Vector Lights for Waitangi 2020

Vector Lights



Vector Lights for Waitangi - What you need to know:

  • The Waitangi light and sound show starts at 9.00pm on Sunday 2 Feb and runs through to Thursday 6 Feb at midnight.
  • Duration is approx. six and a half minutes and will repeat every half hour until midnight.
  • Get out on one of these five nights and enjoy the experience from your favourite view point around the Waitematā harbour.
  • Audio: bring your mobile device and speaker with you! There will be a dedicated narrative synced to the light show at vector.co.nz/lights
  • The show will also be live-streamed on vector.co.nz/lights and our Facebook page, so you can watch at home.
  • Share your experience on Instagram and Twitter with #vectorlights



2020 is the 180th commemoration of the signing of the Treaty of Waitangi.  This year’s story is brought to us by Waikato-Tainui.  The light show depicts each of the Ūpoko Ariki – the heads of the Kiingitanga - from its inception in 1858 through to current time.
 
Ko Uenuku te pou
Each of the Upoko Ariki - heads of the Kiingitanga are represented through the colours of the rainbow with a graphic depicting the stories that relate to each individual Ariki and their influence and legacy. 
 
Kiingi Pootatau – 1858 – 1860
The first Māori King elected by several tribes throughout Aotearoa.  Red depicts his traditional name of Te Wherowhero which is said to represent the red kaakahu that he wore often.  Te Wherowhero lived at Pukekaaroa (Auckland Domain) and was the protector of Taamaki Makaurau.  The white lines represent the awe (feather plume) of a taiaha representing Kiingi Pootatau’s strength and prowess in hand to hand combat. 
 
Kiingi Taawhiao 1860 – 1894
Kiingi Taawhiao was an adherent of the Paimaarire religion as it is practiced today.  Despite suffering the effects of confiscation of lands, he was also responsible for the bringing of peace between Waikato and the resident magistrate following his move into Te Rohe Pootae.  Known for many sayings and prophecies, one of the lesser known of his sayings is:
 
Waiho too raakau ko te aroha, waiho too patu ko te rangimaarie
Lay down your arms.  Let your weapons be love and peace.
 
The green represents Te Rohe Pootae – the verdant King Country while the white birds represent his undertaking of peaceful resistance. 
 
Kiingi Mahuta – 1894 – 1912
Kiingi Mahuta was offered a seat on the Legislative Council which he viewed as an opportunity to influence the government for the greater good of Maaori across the country.
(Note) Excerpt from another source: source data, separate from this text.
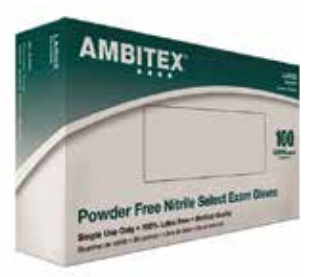
Nitrile Exam Gloves Item No. 1840
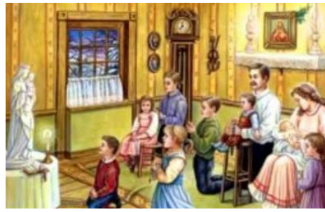
Chaste Heart of St. Joseph?

forgiveness? Does God's truth reign in our homes through consecration to the Sacred Heart of Jesus, the Immaculate Heart of Mary, and the
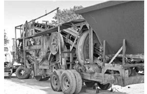
Commander crusher, 10x24 jaw/roll comb., very good cond., working when removed from site, good belts, 45% jaw, needs pwr. unit, has screen deck, $25,000. No Advertisers. (989) 330-6628
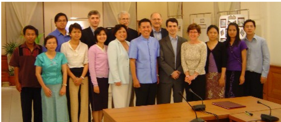
Group photo of Oregon, Washington city administrators visiting Thailand.
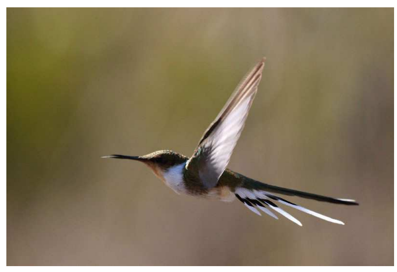
drove straight to Mineiros where Female Horned Sungem.
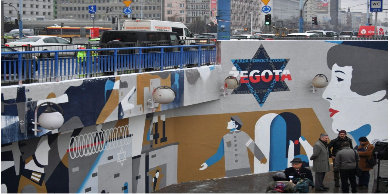
The Council to Aid Jews "Żegota"
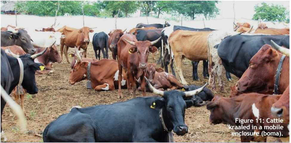
Figure 11: Cattle kraaled in a mobile enclosure (boma).
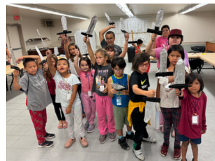
The Armor of God – The Sword of the Spirit!
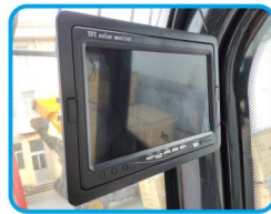
Rear View Camera
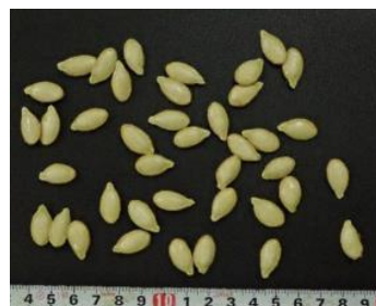
Sample Photo 51. A51. Cucurbita moschata
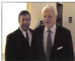
US Senator Ted Kennedy
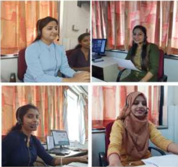
Anchoring for E- Poster Competition
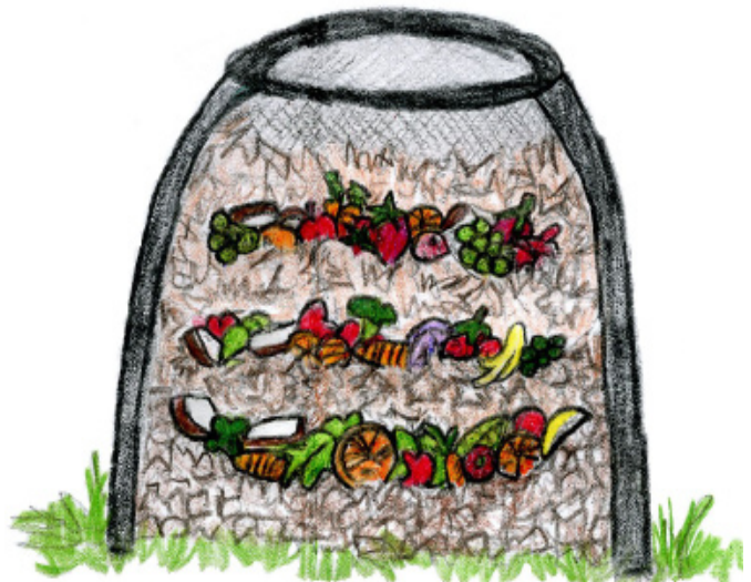
Cross-section of layered browns and greens.

Layering and choosing the right organic material creates the right environment for compost to “happen”. Start with a layer of coarse “browns” in contact with the soil. Make a well or depression in this layer and put the “greens” into the well. Keep the food scraps away from the outside edges of the pile (only brown material should be visible). Cover your “greens” with a generous layer of “browns” so that no food is showing. This will keep insect and animal pests out of the pile and filter any odor. Keep adding layers of greens and browns (like making lasagna). Keep layering the feedstock until the mass reaches a height of 3 to
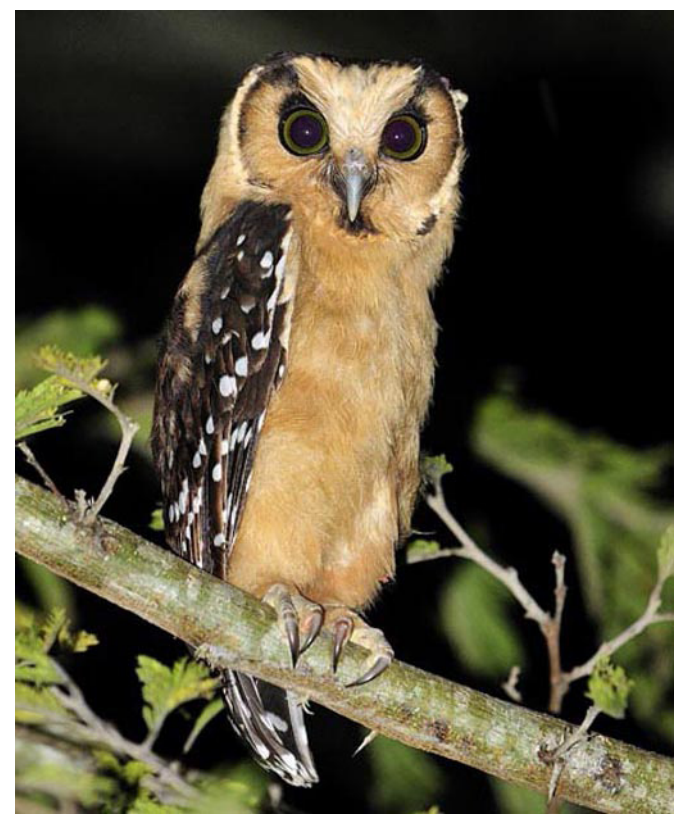
FIGURE 1. Aegolius harrisii at San Antonio Private Conservation Area, Amazonas department (Photo by Michell León).

We obtained information of six unpublished records from scientific collections, one unpublished recording of the species from Xeno-Canto (http://www.xeno-canto.
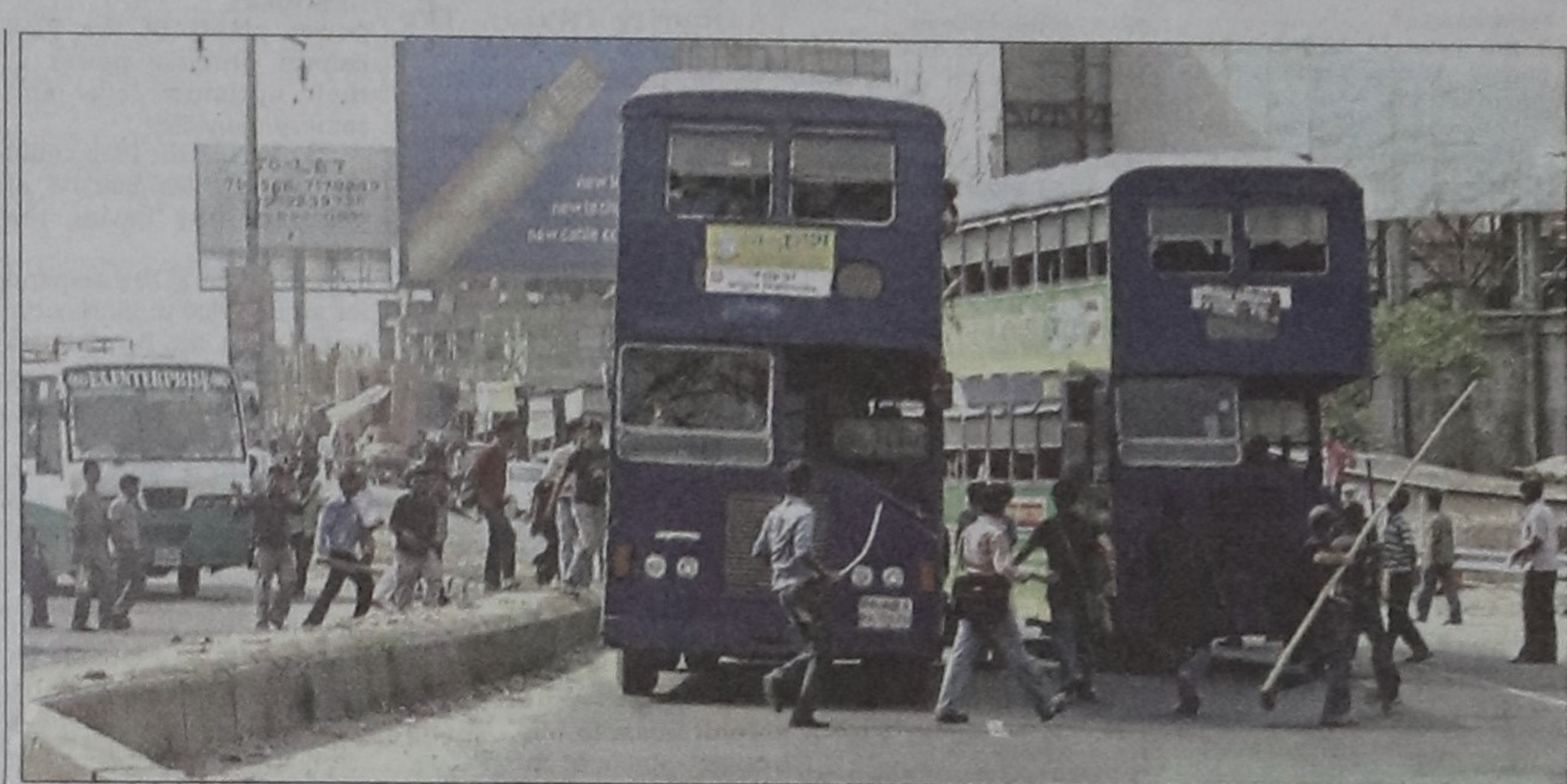
Students of Jagannath University clash with transport workers at Sanir Akhra on Dhaka-Chittagong Highway yesterday. Several vehicles also got vandalised during the clash. Story on page 2.
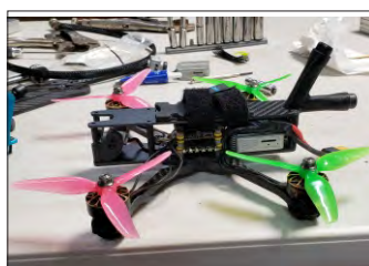
Motors remounted. New top plate.
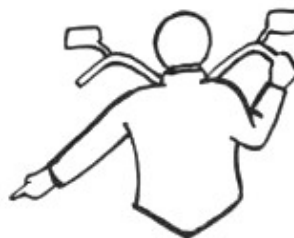
Hazards on the road
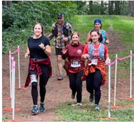
At the finish line: runners of all ages and skills participate in a 5K, 11K or 8 mile off-trail race.

He would petition for return of confiscated lands and try to ensure Maaori access to development funds. 
The image of the book represents his time in Government. 
 
Kiingi Te Rata – 1912 – 1933
During his reign as Ariki, Kiingi Te Rata followed the mandate left by his tupuna Kiingi Taawhiao of not taking up guns again and opposed the conscription of Waikato Maaori into the armed forces.
 
Nau mai hoki mai e ngaa pua koowhai o Ranginui e tuu nei nei, o Papatuanuku e takoto nei
A saying from Kiingi Te Rata on the return of the 28 Maori Battalion to Auckland in 1919
 
Yellow is representative of this saying with the pua kowhai (yellow flowers) depicting the returning warriors.   
 
Kiingi Korokii – 1933 – 1966
Known mostly for his work amongst his people, Kiingi Korokii’s first major appearance was at Waitangi in 1934 when the Treaty grounds were returned to the iwi by Lord Bledisloe, Governor General at that time.  Kiingi Korokii led thousands of visitors onto the grounds.
 
Purple is the universal colour representing royalty while the waka (canoe) outlnes the connection that all iwi have through their respective waka culture and stories
 
Kuini Te Arikinui Te Atairangikaahu – 1966 - 2006
The longest serving leader of the Kiingitanga – 40 years – who was much loved and well respected throughout the country.  Te Atairangikaahu signed the Waikato Raupatu Settlement Act 1995 on behalf of Waikato-Tainui which resulted in some lands that were lost from confiscation in the 1860’s being returned to satisfy the koorero:
 
I riro whenua atu, me hoki whenua mai
As land was confiscated, so should land be returned.
 
The kotuku flies across the skies and is a representation of Te Arikinui and her given name, Piki Kotuku.  The feather symbolises a quill that would have been used to sign the original treaty but also the signing of the Settlement Act by Te Arikinui. 
 
Kiingi Tuheitia – 2006 - present
Anointed as the seventh Maaori monarch after the passing of his mother, Kiingi Tuheitia assented the Waikato River Settlement 2010 with the aim of having the river return to a healthy state.  
Tooku awa koiora me oona pikonga he kura tangihia o te maataamuri. The river of life, each curve more beautiful than the last.
 
The blue and the seven stars represent Te Manawa o Te Kiingi – the Māori King’s standard which flies whenever a hui is underway, or when the King is present.  His most used flag is blue with Te Paki o Matariki (Pleiades Star Cluster) featured.  Te Paki o Matariki represents the Kiingitanga coat of arms. 
 
Waitangi 180
180 anniversary of the signing of the Treaty of Waitangi.  This document, known as one of the founding document, is significant in the history of Aotearoa and in the formation of this country.  The chevron patterns and twinkling stars represent this important part of New Zealand’s story. 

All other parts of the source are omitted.